Due to Hamas’s poorly calculated missile attacks, the heavy shelling by Israel’s aircraft and artillery decimated the infrastructure that Hamas has been developing since 2007, following its coup and taking control of Gaza.

Shockingly, some Arab activists shot videos of Palestinians in Gaza and the West Bank going about their ordinary lives, unconcerned with what is happening in Gaza. This incongruent image upset many, as the Arab World had been under an immense emotional burden, going as far as canceling celebrations out of sympathy with Palestinians. However, modern technology and the ease of taking videos exposed this hidden side of Palestinian society, whose members respond to the cause in varying degrees. Many seem unhappy and disengaged, not believing in Hamas’s cause, its unilateral decision-making on matters such as war and peace, and its militarization of the complex Sheikh Jarrah issue after 10 days of peaceful protests in Jerusalem.

Feelings on the international scene shifted from sympathy with Jerusalem’s Palestinians to sharp criticism of Hamas, which imagined that it was giving the Israeli army a run for its money, or was perhaps pushed toward a confrontation with miscalculated military capacities. Hamas reminds me of the Taliban in 2003, when the extremist group’s defense minister, carrying an AK-47, threatened the US, and Washington responded with B-52 bombers, inflicting a huge loss on the group and eliminating Mullah Omar’s ally, Osama bin Laden.

Today, Hamas seems to have drowned in illusions of its own grandeur, ignorance of global politics, and statements such as that of Khaled Mishaal and Ismail Haniyah before him that the time has come for Hamas to take the reins of Palestinian decision-making. This is confirmed by this recent slide into a full-fledged coup that used the legitimate cause of Sheikh Jarrah to arrive at power, as if Hamas believes the world today looks like Gaza when the movement ousted Fatah.

Reading between the lines of this war that shook the Middle East, it seems like “a war of necessity” for many parties, and the raid on the Sheikh Jarrah neighborhood seems pre-arranged behind the scenes between certain political actors. We also need a good understanding of the Hamas mentality that strives to prove its military capacities, thus paving the way for war for all parties. Iran was expecting to leverage the escalation to gain a bargaining chip in its negotiations on the nuclear deal with the US and the West. Netanyahu dissolved his alliance with the Palestinian Muslim Brotherhood for the sake of the far-right. Hamas, with its military and political shortsightedness, rushed into a war in which the biggest losers are civilians, believing in vain that an armed group could achieve military victory over one of the world’s most powerful armies.

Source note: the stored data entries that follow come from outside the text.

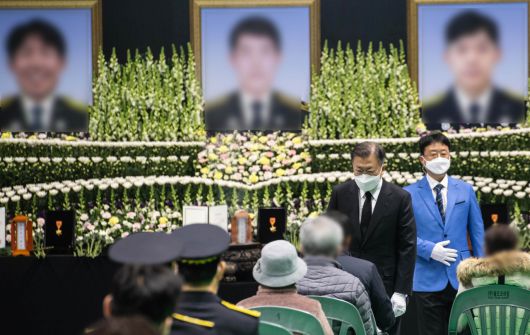 [헤럴드경제] 문재인 대통령이 8일 평택 공사장 화재로 순직한 소방관 3명의 합동영결식에 참석해 고인들의 떠나는 길을 지켰다.
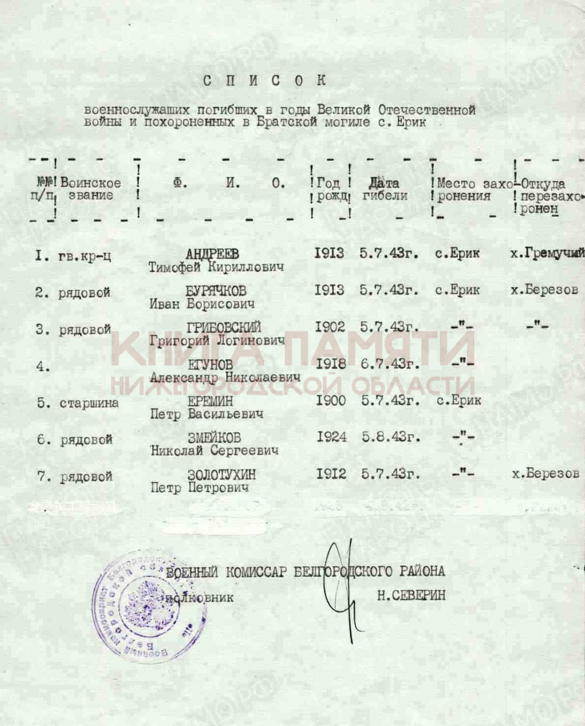 Похоронен в дер. Ерип Белгородского р-на, 100 м. от школы, братская могила Курской обл.
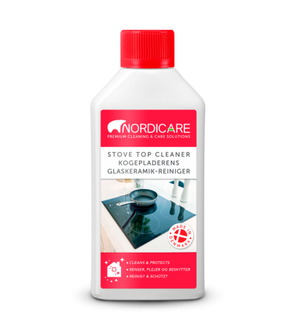 Kogepladerens, polerer og beskytter i samme operation og efterlader kogepladen blank og med en beskyttende film, der gør fremtidig rengøring lettere.
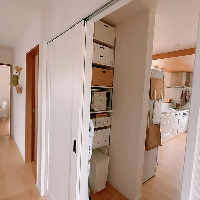 macaさん宅は、木×白を基調に整えられたナチュラルで爽やか、そして落ち着く空間です。そしてそれはインテリアばかりでなく、『収納』で切り取っても変わらないのが素敵なところ。どことなく、インテリアの雰囲気の流れを汲んでいるのも魅力的だと感じます。どうすればこのように、収まりよく心地もいい収納にしていけるのでしょう……。まずは、macaさんの収納づくりのこだわりや大切にしていることを教えていただきました。
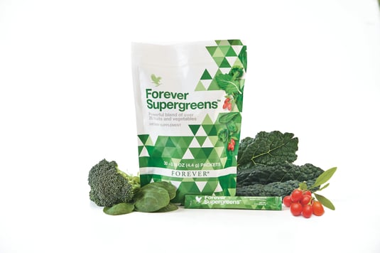 Forever Supergreens™ enthält über 20 Frucht- und Gemüsesorten sowie Aloe Vera. Die Kombination aus Vitamin C, E und Magnesium unterstützt die Leistungsfähigkeit deines Körpers. Mit Wasser oder einem anderen Getränk gemischt erhältst du einen leckeren grünen Superfood-Drink.

Any observer can see how military superiority quickly quelled the initial enthusiasm that saw Hamas falling into one trap after the other.

A key example is the military ruse devised by the Israeli army, which spread rumors about raiding Hamas tunnels, which pushed Hamas leaders to rush into the tunnels, thus exposing their entry and exit points and allowing Israel to bomb them over their heads.

The war resulted in Sheikh Jarrah succumbing to the wounds inflicted by the missiles of Hamas, which did not change the military equation one bit -- much to its dismay. Instead, all Haniyah et. al. did is restore Israeli Prime Minister Benjamin Netanyahu’s popularity and give new life to his political career.